D’ailleurs, mardi a eu lieu la présentation de sa thèse et la famille du jeune Rodriguais a eu la chance d’y assister en visioconférence. «C’était un moment mémorable et très intense en émotions, même en visio, et cet événement rend tout le monde heureux. Ma soutenance, même dans un cadre scientifique, faisait rappel à Rodrigues dès le début de ma présentation et le jury a rappelé mes origines à la fin de la soutenance et a montré l’intérêt que j’avais pour mon île dans ce moment assez précieux pour ma famille et moi», soutient notre intervenant avec satisfaction. «Ma mère, mon père et ma sœur Cloey, ainsi que tous mes proches ont été là avec moi et c’était chouette ! Je ne le vivrais pas deux fois ce moment-là et je suis toujours sur mon petit nuage. Mes amis sont venus de Paris pour ce jour spécial, Catheline et Milaine, mes deux mères de cœur, qui habitent dans le sud de la France, sont venues aussi sur place pour l’occasion.»
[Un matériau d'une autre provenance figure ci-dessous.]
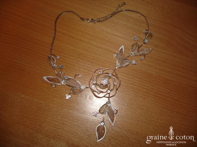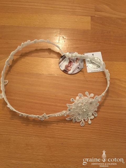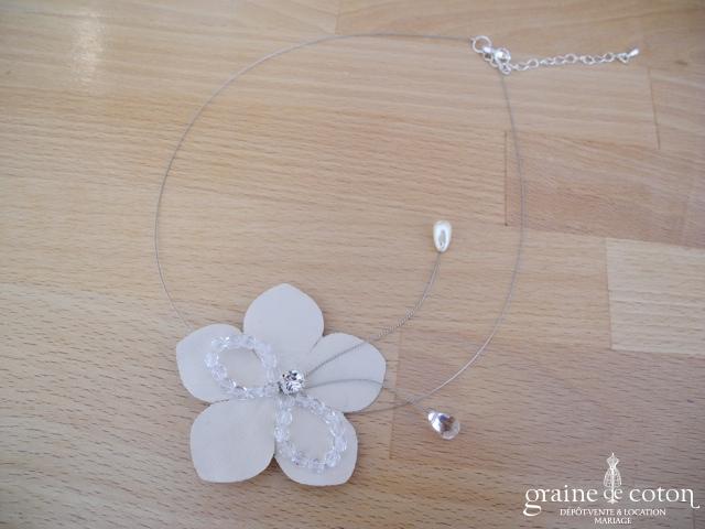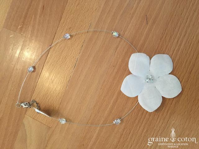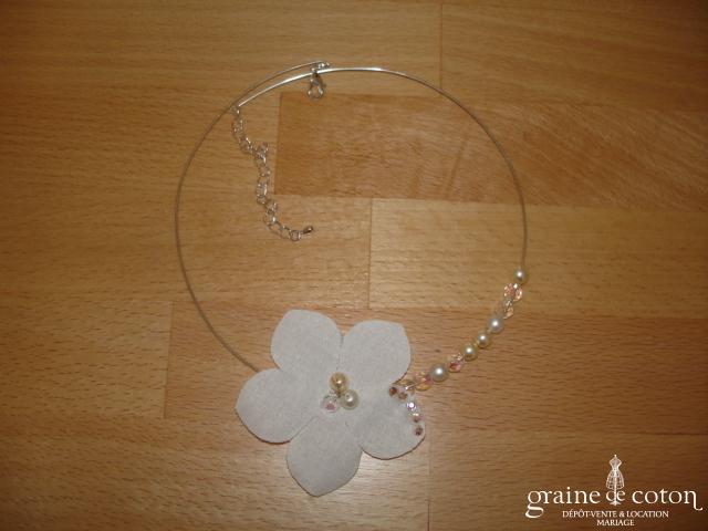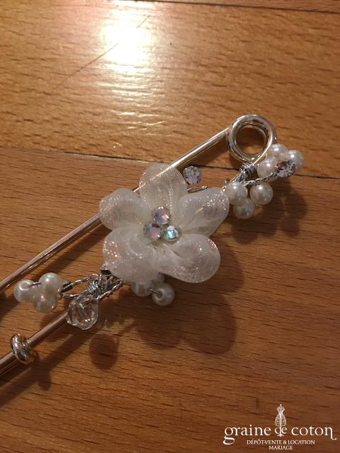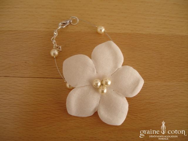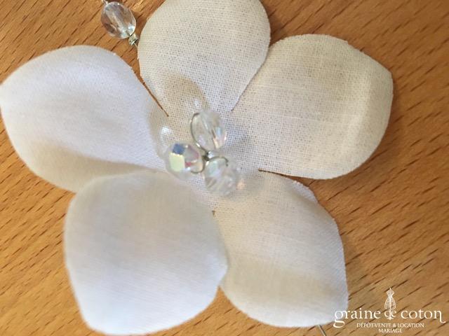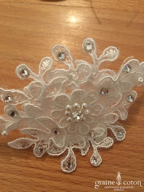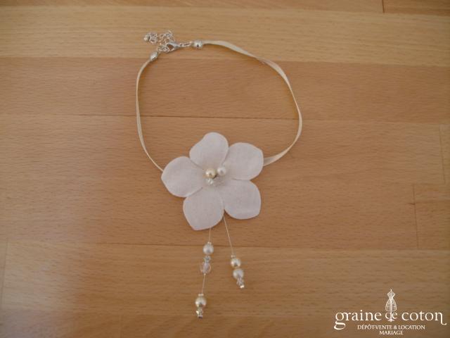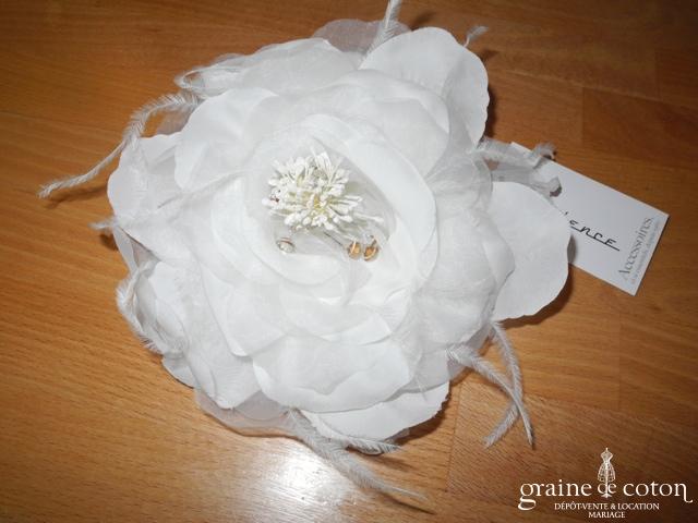 Fleur en organza de soie ivoire à coudre ou à monter sur peigne

Joey Labour se spécialise donc dans le domaine de la physique médicale. Selon ses explications, la physique médicale est un domaine de la physique appliquée, qui regroupe les applications de la physique en médecine, qui fait l’interface entre les différentes technologies et le patient. Cela implique les interactions des rayonnements (dits rayonnements ionisants) au corps humain. Il y a plusieurs sousdomaines spécifiques, qui peuvent être classés en Imagerie médicale, tout ce qui est imagerie X-ray, scanner CT, Radiothérapie : principalement pour le traitement des cancers et la Médecine nucléaire : pour le diagnostic des cancers ou autres pathologies, mais aussi des traitements des cancers par isotopes (ou atomes) radioactifs.
L’ascension du jeune homme ne s’arrêtera pas là. Actuellement, son contrat a été étendu au Centre de lutte contre le cancer Léon Bérard à Lyon, et son projet est financé par Philips Healthcare. «Je vais continuer sur la même thématique de ma thèse mais aussi d’autres thématiques liées à la physique médicale. Je n’en dirais pas plus sur mon projet professionnel mais il y a pas mal de choses à venir, cela restera une surprise», confie-t-il. «Mes études ne se termineront pas ici car j’ai pas mal de perspectives afin d’atteindre d’autres buts, qui seront finalement dirigés vers un projet qui sera consacré à Rodrigues et Maurice. Mais cela va dépendre des financements et la reconnaissance de mon diplôme sur le sol mauricien, et la reconnaissance de mes capacités dans les domaines dans lesquels j’ai fait mes études, car il y a plusieurs axes possibles.»
Le physicien déplore d’ailleurs un manque d’accessibilité aux techniques de médecine nucléaire à Maurice pour le traitement des patients, considérée comme la médecine moderne. «Je souhaite qu’on puisse investir puisque cela aide grandement dans la détection précoce des cancers, dans le traitement et dans le suivi de la maladie. J’espère de tout cœur pouvoir apporter mon grain de sel à l’avenir dans le domaine de la santé.»